Europe

France adopts bill allowing return of 'ill-gotten' assets

Bill provides framework for agency to carry out restitution of assets fraudulently acquired by foreign leaders

Shweta Desai   | 03.03.2021
France adopts bill allowing return of 'ill-gotten' assets

PARIS

France’s National Assembly unanimously adopted a bill Tuesday aimed at reforming and increasing the country’s official development assistance (ODA) to partner countries to 0.55% of gross national income. 

The bill also creates a new mechanism for the French Development Agency to carry out restitution of “ill-gotten” property and assets fraudulently acquired by foreign leaders and using the funds towards the populations or countries of origin where the money was stolen from.

It would be thus mandatory for the French government to return the proceeds from the sale of such goods, assets and property confiscated from the representatives of foreign countries convicted of money laundering or related financial crimes to the concerned foreign states. Under the existing laws, the revenues from the sale of such confiscated property are retained by the government and diverted to the general state budget.

The amendment related to “ill-gotten” goods was adopted by the National Assembly within the framework of the development programming bill on Feb.19. The bill will now move to the French Senate and then parliament before becoming law.

The question of restitution arose after several judicial proceedings were opened in France involving the ill-gotten assets by foreign leaders, most notably after a French court in 2017 found Equatorial Guinea’s Vice President Teodorin Nguema Obiang Mangue guilty of money laundering and embezzlement of funds worth nearly 150 million euros.

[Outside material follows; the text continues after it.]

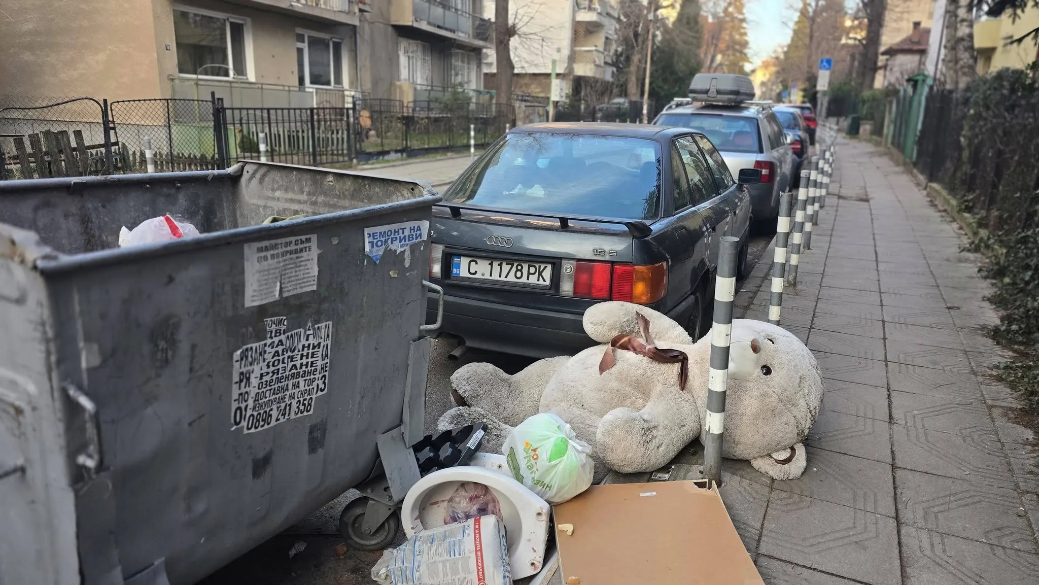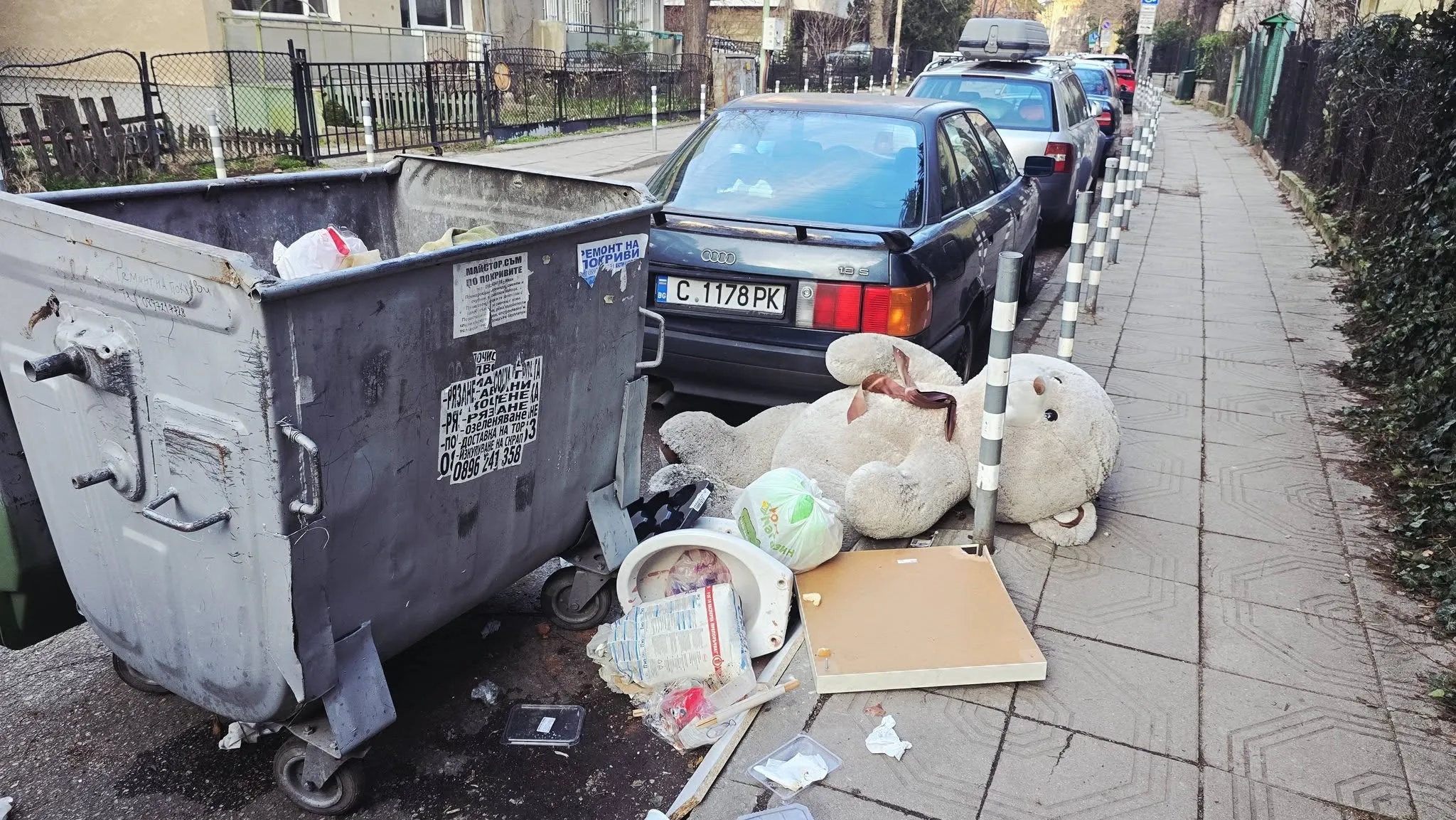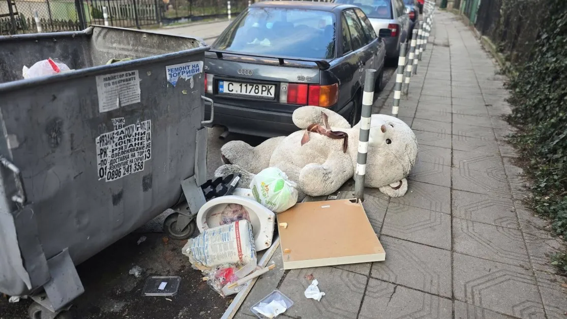 В столичния квартал Лозенец минувачи станаха свидетели на една модерна градска драма – огромно плюшено мече, изоставено до контейнер за боклук. До него – тоалетна чиния. Символиката е толкова силна, че дори Фройд би си взел бележник.
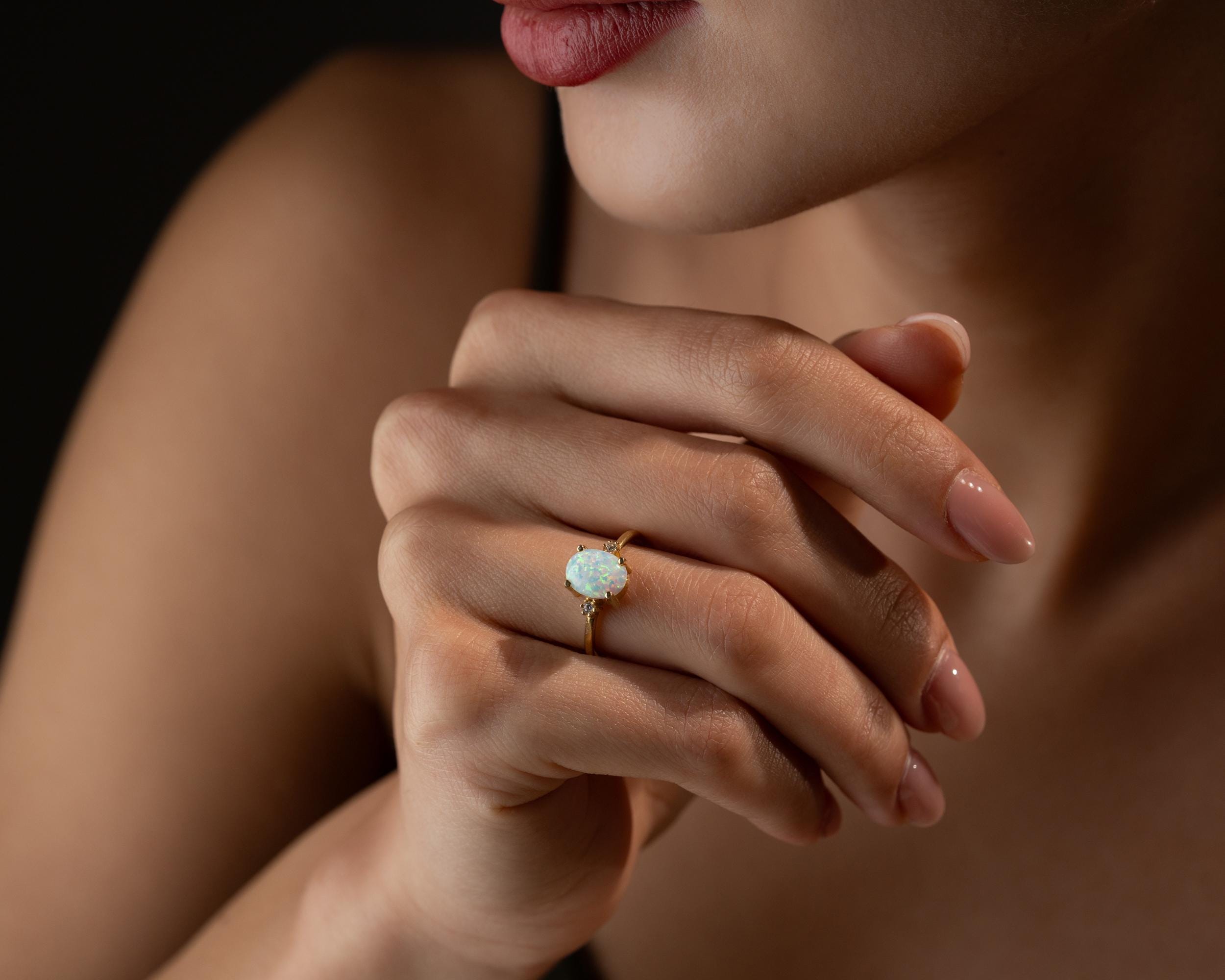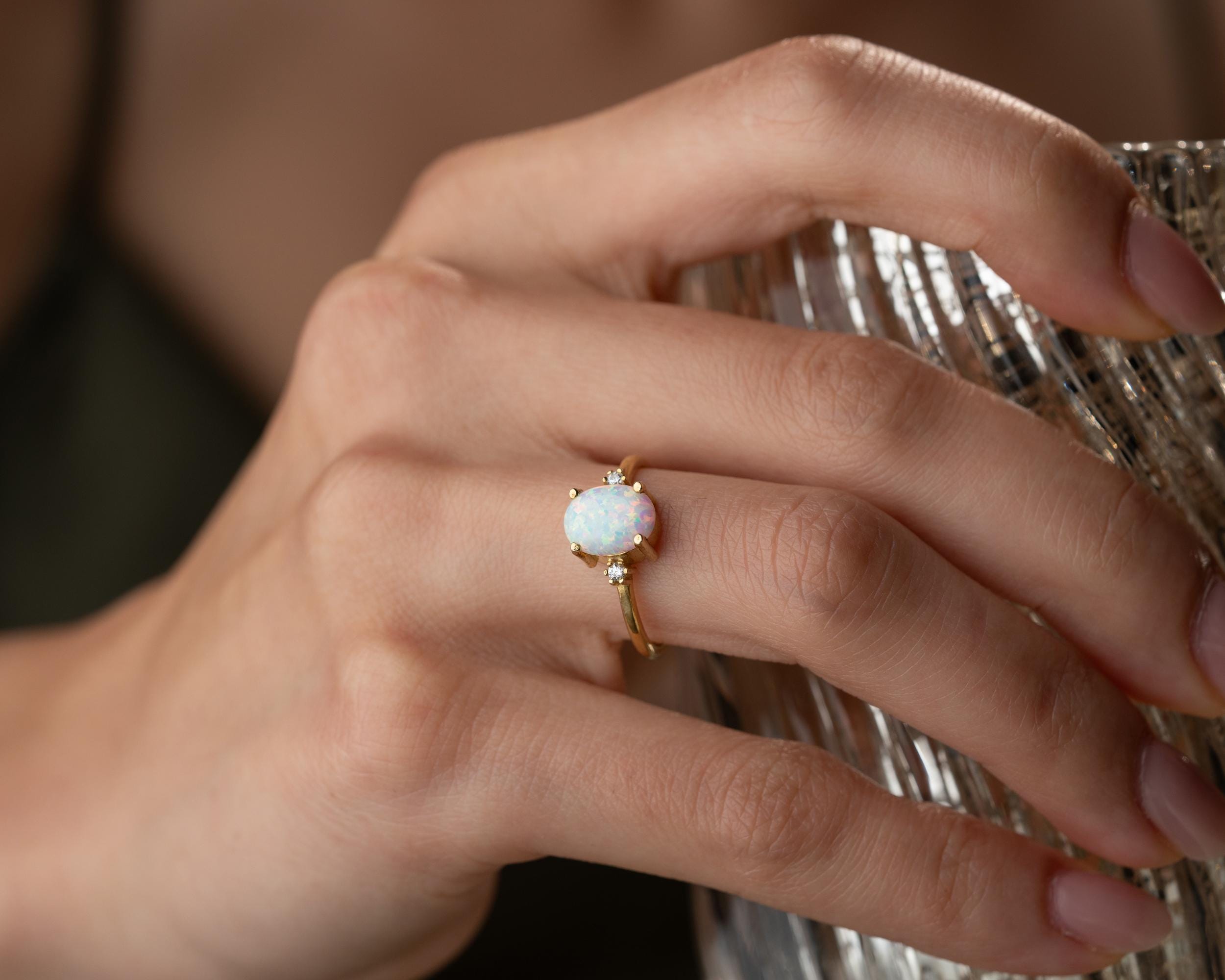 Experience the captivating magic of opal — a gemstone like no other. This handcrafted gold vermeil ring features an oval-cut opal that radiates a mesmerizing play of color, revealing flashes of blue, pink, green, and golden fire as it moves in the light. Known for its mystical beauty and luminous depth, opal has long been cherished as a symbol of hope, creativity, and emotional balance.

The court sentenced him to a three-year prison term with a 30-million-euro penalty and ordered the seizure of his assets including a fleet of luxury cars and a six-floor mansion in Paris costing more than 107 million euros.

In December last year, the International Court of Justice rejected Equatorial Guinea’s claims that the mansion could not be confiscated as it had diplomatic immunity and ruled in France’s favor to carry out criminal proceedings and the seizure of the property.

Activists and non-profit organizations like Transparency International France and Sherpa, who had initiated the case against Obiang in 2008, had argued for a new legal framework in France for restitution and disbursement of funds.

In Obiang’s case, it was argued that money generated by selling the seized assets if sent back to Equatorial Guinea would land straight in the coffers of his family and allies who have been ruling the country since 1979.

The new framework adopted in the development bill establishes a specific budgetary program for the revenues from the sale of “ill-gotten” assets and puts the French Development Agency in charge of the disbursal of funds by financing development projects in coordination with the partner country.

Transparency International in a statement said with the adoption of the bill, “France has the opportunity to propose an exemplary model for the restitution of illicit assets that can inspire many other countries and deal a severe blow to foreign bribery.”

It however warned of strengthening the system further and maintaining transparency to “ensure that the funds, once returned, do not fall into the channels of corruption.”